Венеция не взглянула на подругу.
— Детка, — пробормотала она, — ты, случайно, ничего от меня не скрываешь? А?
— О чем это ты?
Но негритянка не ответила. Она подняла гибкую руку и махала ею, пока не привлекла внимание вновь прибывшего посетителя.
На лице Ханта отразились все его чувства. Сначала он, как и Венеция, был ошеломлен, потом посмотрел недоверчиво, затем, не веря своим глазам, удивился и, наконец, расплылся в сияющей, без примеси, улыбке удовольствия.
— Венеция! — воскликнула Дороти-Энн и начала поворачиваться.
Но подруга потянулась к ней, схватила ее за руку и заставила не двигаться.
— Детка! — прошептала она краешком улыбающихся губ, — перестань так себя вести. Просто сиди и принимай все как должное. Я хочу увидеть на твоем лице самую радостную, самую солнечную улыбку, на которую ты только способна. Ну же, давай, — попросила Венеция. — Скажи «сы-ыр».
«Сы-ыр»?
Дороти-Энн свирепо уставилась на нее.
— Я не стану делать ничего подобного! — рассердилась она, горделиво выпрямившись. — Я хочу знать, что, черт возьми, происходит, или, да поможет мне Бог, я предупреждаю тебя, Венеция, я… Я за себя не отвечаю!

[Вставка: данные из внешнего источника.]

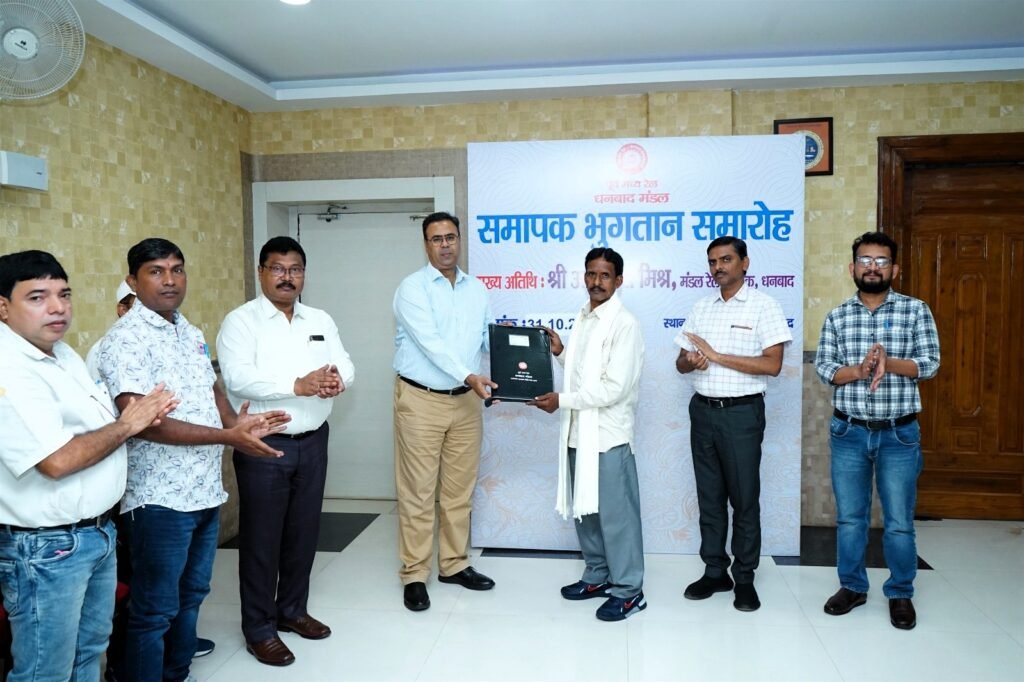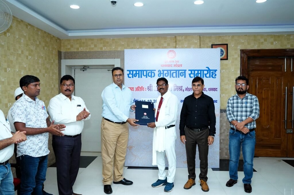 दिनांक 31.10.25 को धनबाद मंडल में अक्टूबर माह 2025 में सेवानिवृत होने वाले कर्मचारियों के लिए समापक भुगतान एवं सम्मान समारोह का आयोजन किया गया। अक्टूबर माह 2025 में कुल 28 कर्मचारी सेवानिवृत्त हुए, जिनके सभी समापक भुगतान कर दिए गए ।
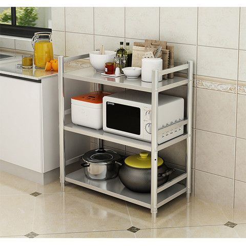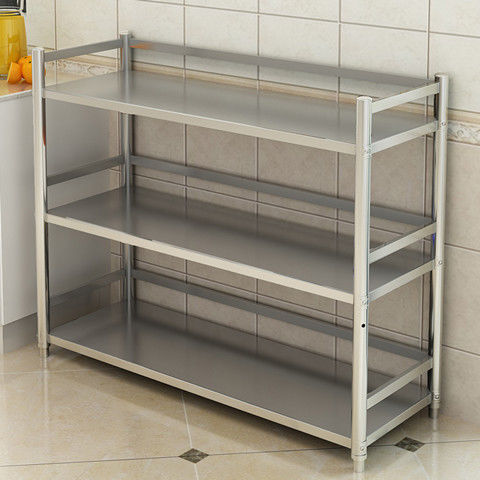 不锈钢厨房置物架带围栏3层4微波炉烤箱架多层收纳架家用储物架子
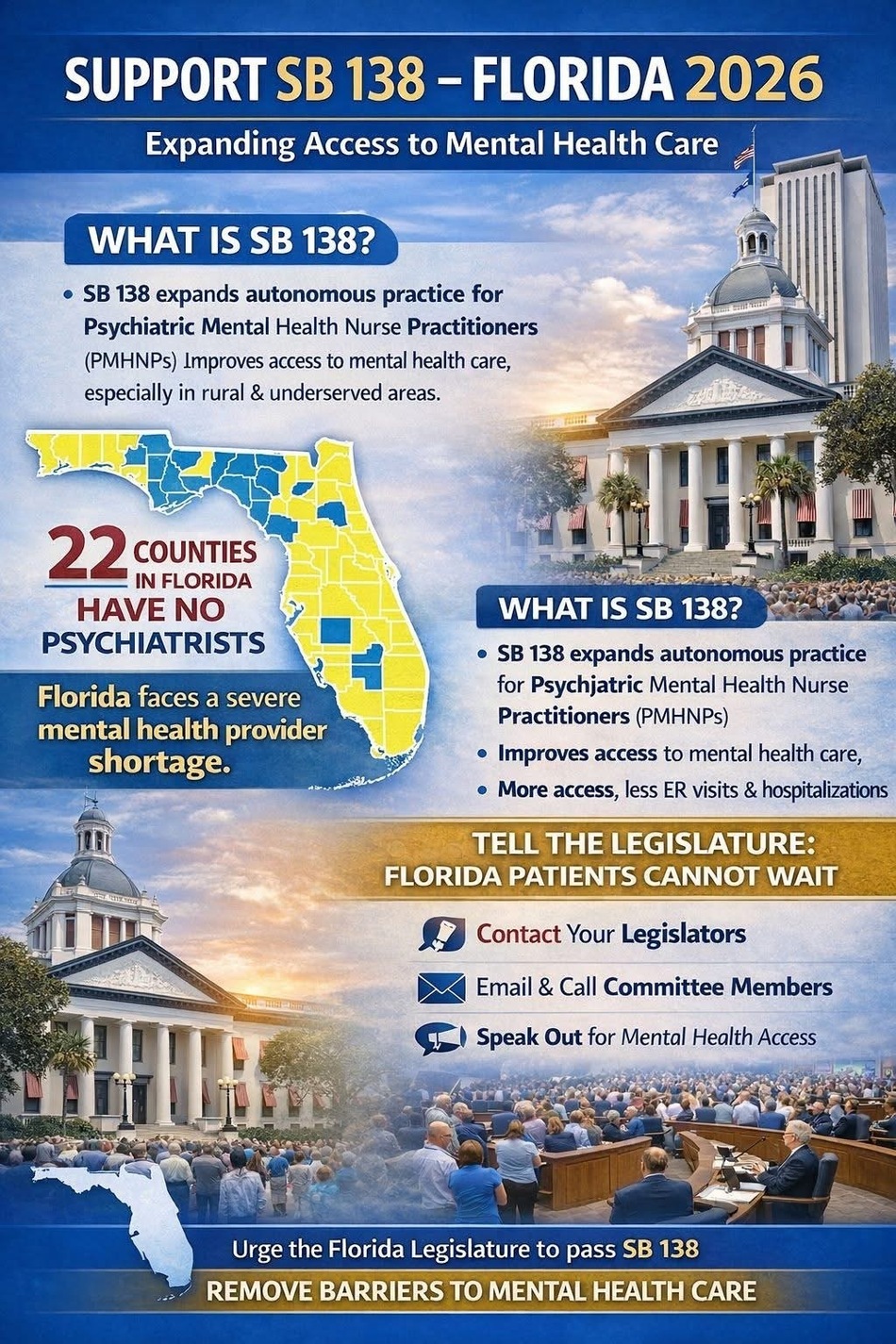 SB 138 expands autonomous practice for Psychiatric Mental Health Nurse Practitioners (PMHNPs) so care can reach patients now, especially in rural and underserved communities.
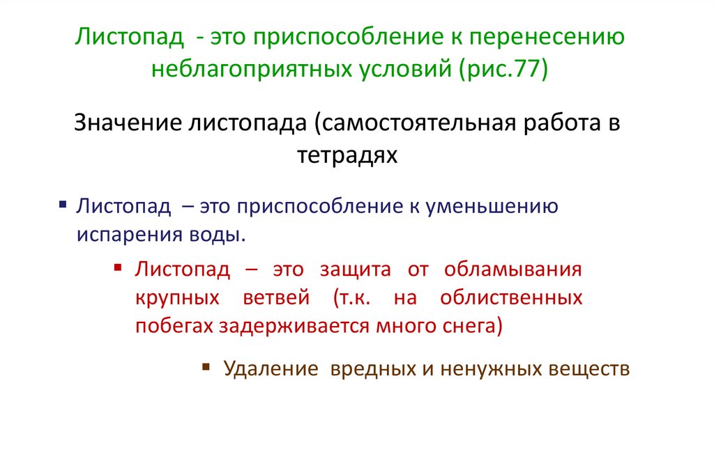 Листопад - это приспособление к перенесениюнеблагоприятных условий (рис.77)
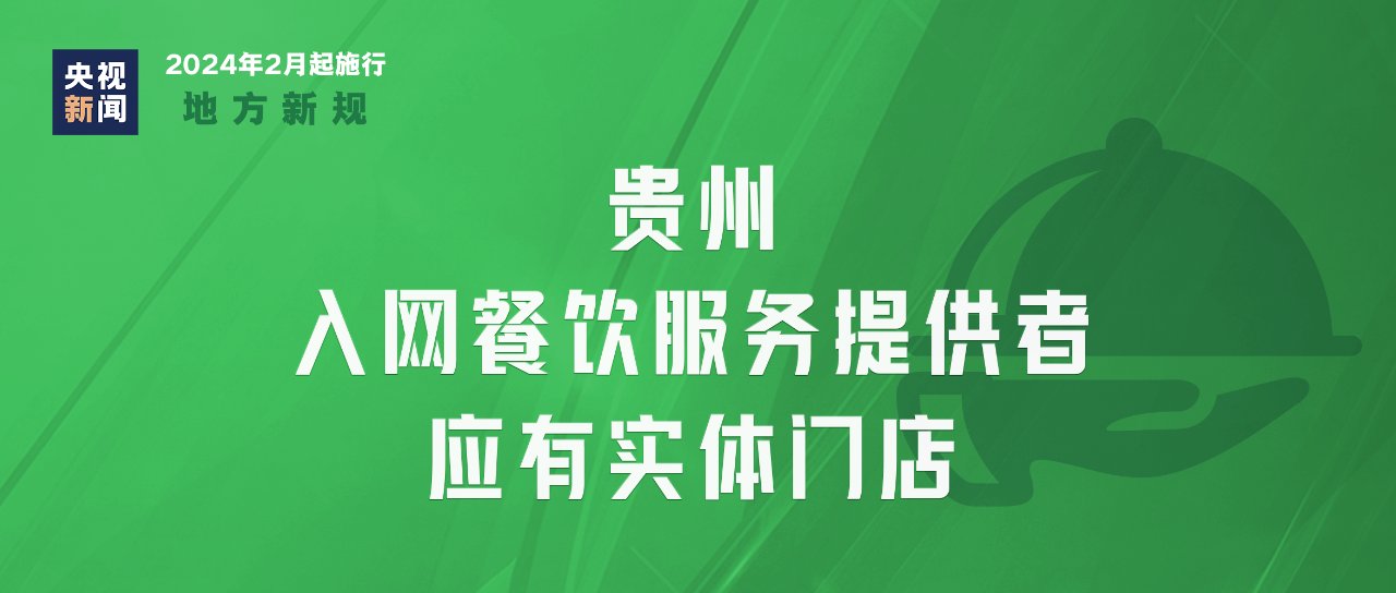 《贵州省食品安全条例》自2月1日起施行。条例规定,入网餐饮服务提供者应当具有实体经营门店并依法取得食品经营许可证或者小餐饮登记证。

— И не надо. — Молодая женщина пожала плечами. — Меня это не касается. Потому что, детка, твоя подружка сейчас испарится.
С этими словами она одним глотком допила коктейль, мужественно справилась с отрыжкой, взяла свою торбу, отодвинула стул и поднялась на ноги.
— Арриведерчи, — просияла улыбкой бывшая модель. — Крошка, меня здесь уже нет.
Дело было сделано. Несмотря на раздражение, Дороти-Энн оказалась во власти любопытства. Она развернулась и стала оглядывать ресторан.
Пустые столики, кучка обедающих, мужчина, слегка похожий на Ханта Уинслоу…
Она отбросила мысль о сходстве прочь, начала поворачиваться в прежнее положение и немедленно дернулась обратно.
Святые угодники.
Какое тут сходство — настоящая Маккой!
Господь в небесах. Хант! Собственной персоной! Направляется к ней. Он, этот неприлично высокий, лучший образчик мужской породы.
Жалобный стон вырвался из горла Дороти-Энн.
— Хант? — пролепетала она слабым, неуверенным, еле слышным голосом.
Миссис Кентвелл взглянула на темнокожую подругу глазами, в которых вдруг появилась паника.
— Хант… Уинслоу?
— Точно, детка, — подтвердила Венеция. — Сенатор Уинслоу собственной персоной!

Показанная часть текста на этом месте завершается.